## Work to be completed
Beginning with the line that has "JUNE 2021 –" and ending with the line that has "Actinotus helianthi RF", retype the entries below exactly, except for the pictures.

## Study material
- - -

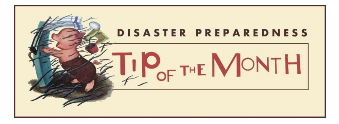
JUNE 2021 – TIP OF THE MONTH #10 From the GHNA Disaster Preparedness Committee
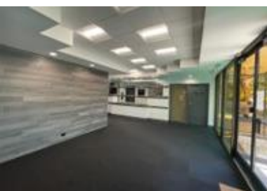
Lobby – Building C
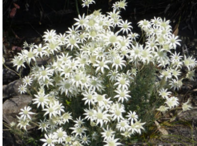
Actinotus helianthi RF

- - -

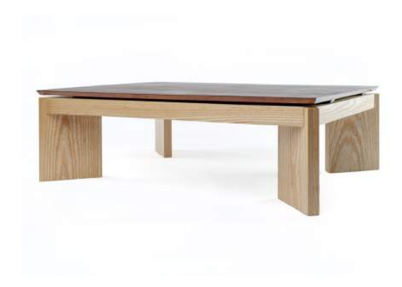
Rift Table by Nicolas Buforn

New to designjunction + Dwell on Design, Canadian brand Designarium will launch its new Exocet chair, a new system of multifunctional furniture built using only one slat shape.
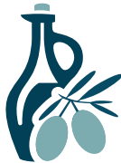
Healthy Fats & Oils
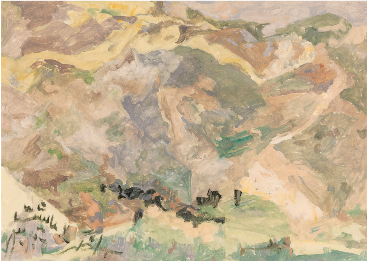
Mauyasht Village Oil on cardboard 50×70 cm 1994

- - -

## Answer area
JUNE 2021 – TIP OF THE MONTH #10 From the GHNA Disaster Preparedness Committee
Lobby – Building C
Actinotus helianthi RF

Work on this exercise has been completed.